HOw to convert $\int_0^\pi \int_0^\pi |cos(x+y)|dxdy$ using the substitution $x=u-v, y=v$.

Question

How to convert $I=\int_0^\pi \int_0^\pi |cos(x+y)|dxdy$ to $$ \int_{v=0}^\pi \int_{u=v} ^{\pi+v} \vert \cos(u)\vert dudv$$ using the substitution $x=u-v, y=v$.
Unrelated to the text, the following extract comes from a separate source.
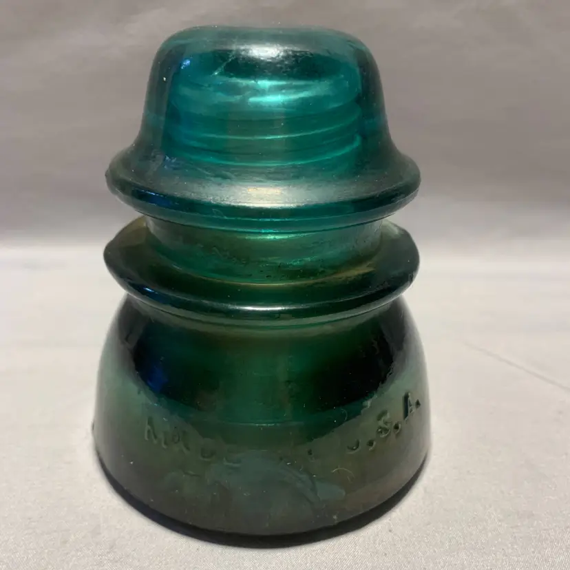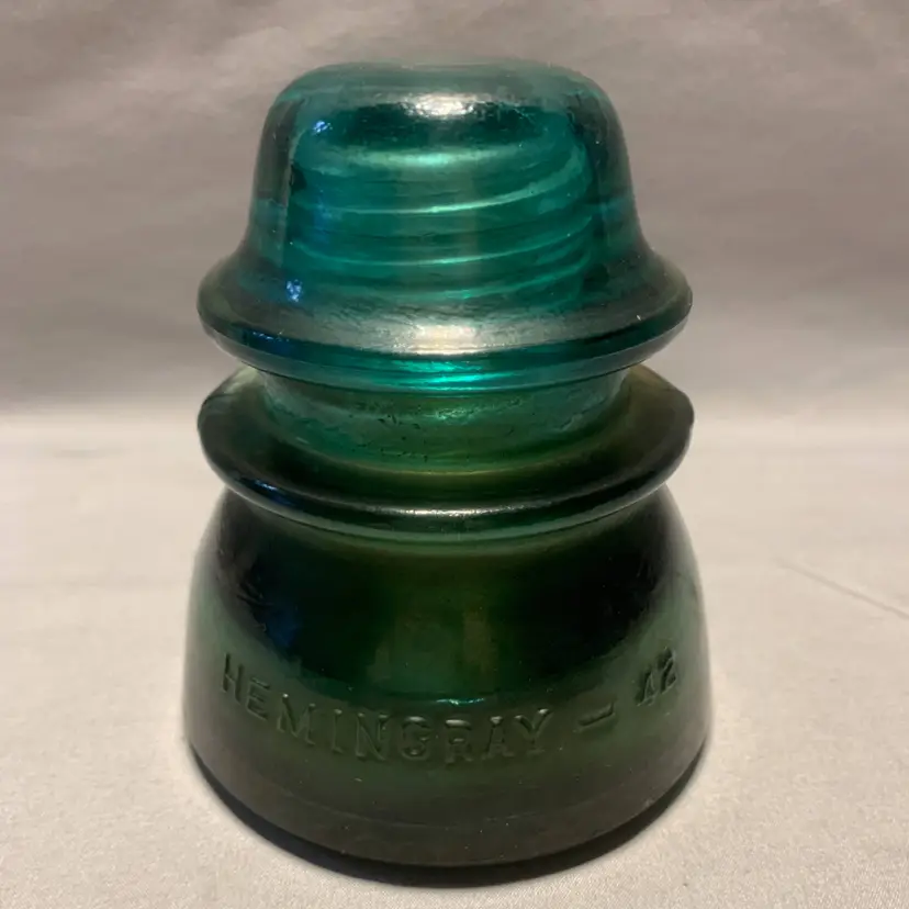 The Aqua Hemingray 42 Electrical Glass Insulator is a classic and collectible piece made in the USA. Featuring a beautiful green color, this insulator is a perfect addition to any collection. The Hemingray maker and the RDP base type add to its authenticity and appeal. With its unique design and historical significance, this glass insulator is sure to be a standout piece in any collection.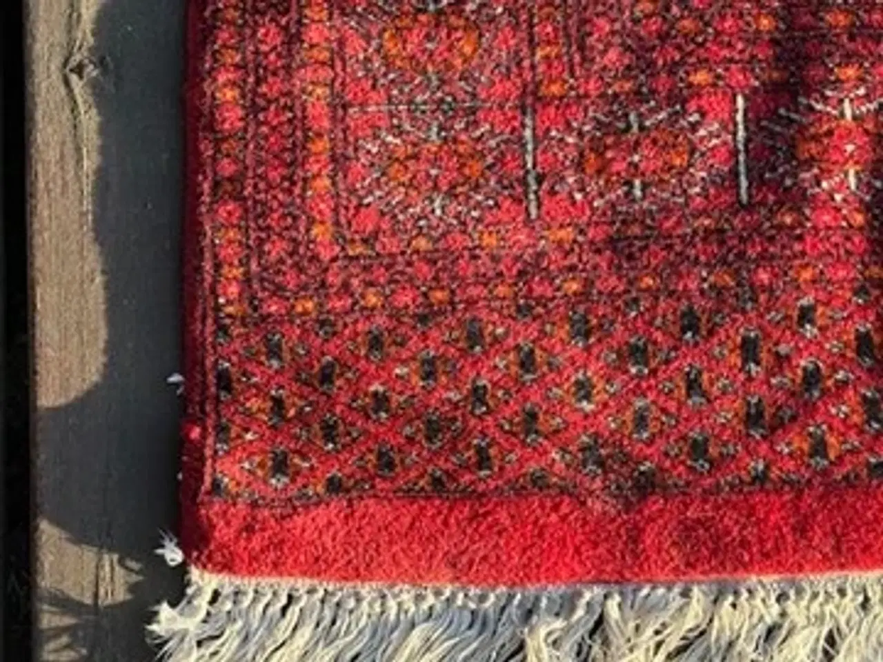 Et meget flot tæppe, men kraftige rød farve Lidt forskel på frønser i enderne - men er velfungerende 150 x 92 cm uden frøns 160 x 92 cm med frøns

Please explain with fig. I saw in value of $ \int_0^\pi \int_0 ^\pi \vert \cos(x+y)\vert dxdy$

Please help me to understand the limit. I understand the following: Jacobian =1

(0,0) in xy-plane corresponds to (0,0) in u-v plane

x-axis in xy-plane corresponds to u axis u-v plane

y-axis in xy-plane corresponds to (0,0) in u=v line in u-v plane

$x=\pi$ line corresponds to $u=\pi+ v$, $v\in (0,\pi)$

Answer 1

Your domain is $0<x<\pi$ and $0<y<\pi$. If you perform the change $x=u-v$ and $y=v$, from the second condition is clear (or not?) that $\boxed{0<v<\pi}$.

Let's go with first condition $0<x<\pi$:

• $0<x\longrightarrow 0<u-v$ an then $\boxed{v<u}$
• $x<\pi\longrightarrow u-v<\pi$ an then $\boxed{u<\pi+v}$

Then your new domain in $u,v$ variables is $0<v<\pi$ and $v<u<\pi+v$